19. Nera

26 8 3
                                    

Otw banyak sudut pandang

Met membaca.

****

"Heza, aku takut."

Kalimat itu membuat Heza menghentikan kegiatannya sejenak. "Takut?"

Nera mengangguk pelan. Ia masih terisak, tetapi tangisannya sudah berhenti. "Aku merasa, ada sesuatu yang aku lupakan."

"Sesuatu?"

"Aku tinggal di Jakarta sampai mau masuk SD. Itu katanya. Aku lupa apa yang terjadi selama aku TK. Dan ...."

Diam beberapa lama. Heza lanjut mengeluarkan motor, lalu menyalakannya.

"Aku merasa, aku melihat hal yang buruk." Nera berjalan mendekat dengan agak ragu. "Tapi, samar ... enggak kayak firasatku yang biasa."

"Kapan? Apa setelah aku nunjukin gambar di tembok?"

Nera tercenung sesaat. "Gambar itu ... pas aku sentuh, aku merasa tersengat. Terus, aku pingsan ...?"

Heza menghela napas. "Sudahlah. Naik aja sini."

Nera menurut.

"Tunjukin arahnya, ya," ujar Heza. "Aku lewat jalan tikus sampai dekat sekolah. Kalau udah di sana, arahin aja."

Motor bebek itu melaju pelan di jalanan perumahan.

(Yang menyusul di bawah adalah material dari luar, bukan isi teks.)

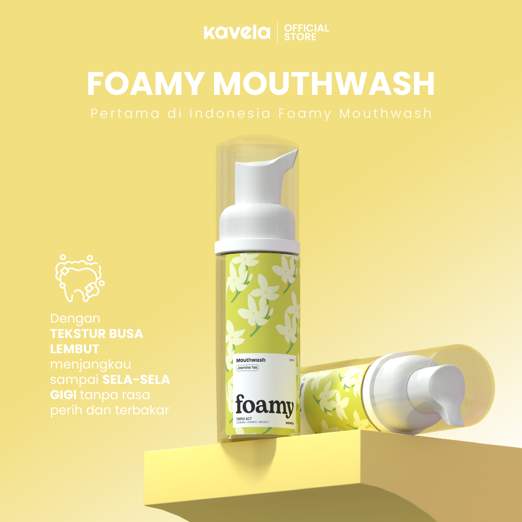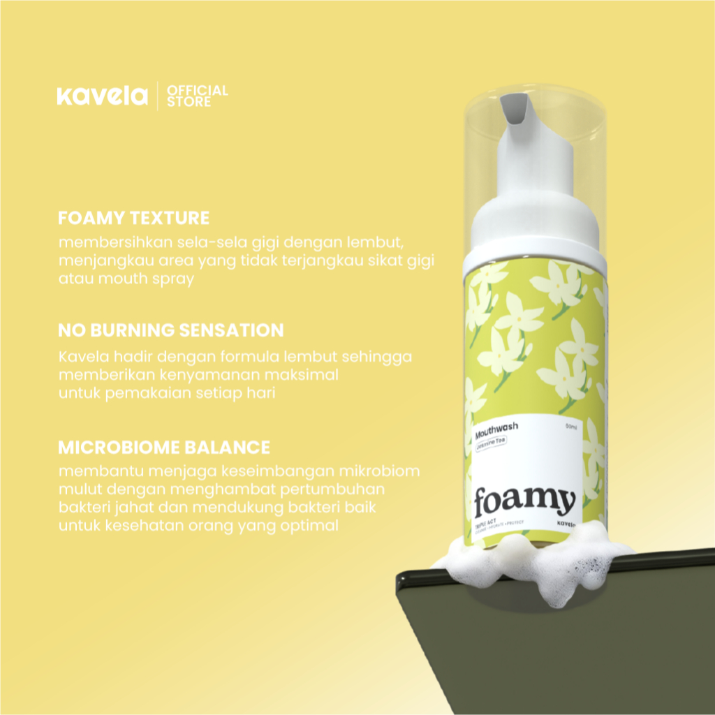 KAVELA - Foamy Mouthwash Jasmine Tea Mouthwash Busa Tanpa Alkohol Segar & Melembabkan atasi Bau Mulut dan Plak

Heza sengaja tidak terlalu cepat, kalau-kalau ada hal lain yang mau diomongkan.

"Heza ...."

"Ya?" Heza berusaha menyahut, meski entah Nera mendengarnya atau tidak.

"Mungkin, cuma mungkin, rumahmu itu ...."

Diam.

"Rumahku kenapa?"

"Eh ... enggak jadi." Nera terdengar amat ragu.

"Kamu dulu tinggal di sana?"

Tak ada reaksi.

"Kamu merasa kenal sama isinya?"

"Uh ... Heza ...."

Heza ingin kesal, tetapi ia senang mendengar Nera memanggil namanya terus-menerus.

"Sebenarnya, aku enggak merasa itu masalah. Malah, aku senang kalau itu sungguhan rumah masa kecilku. Tapi ... aku merasa, ada yang memberatkan ...."

"Nera, maaf."

"Kenapa?"

"Mungkin, sebaiknya, kamu enggak ke rumahku." Heza tanpa sadar mengeratkan genggamannya–membuat motor melaju makin kencang.

"Eh?"

"Aku takut, ada memori burukmu yang terpicu."

Tak ada tanggapan setelahnya. Motor terus melaju, kini jalan raya mulai tampak.

"Ke kiri, belakang sekolah," ucap Nera.

Heza menurut. Ia arahkan sepeda motornya sesuai petunjuk Nera. Sampai mereka berhenti di depan gerbang sebuah rumah.

"Kos-kosan?" Heza bertanya sangsi.

"Ya, aku ngekos. Tapi enggak bayar. Hehe." Nera tampak berekspresi aneh. Wajahnya semrawut akibat menangis tadi, tetapi mulutnya menyunggingkan senyum sampai kelihatan gigi. "Makasih sudah diantar, Heza."

"Oke deh, aku balik dulu." Heza bersiap memacu motornya, tetapi tangan Nera tiba-tiba menyentuh pundaknya. Ia langsung menoleh.

"Mungkin, kamu ada benarnya," ucap Nera pelan. "Ingatanku seperti terhapus sebelum pindah ke Palembang. Mungkin, memang ada kejadian buruk."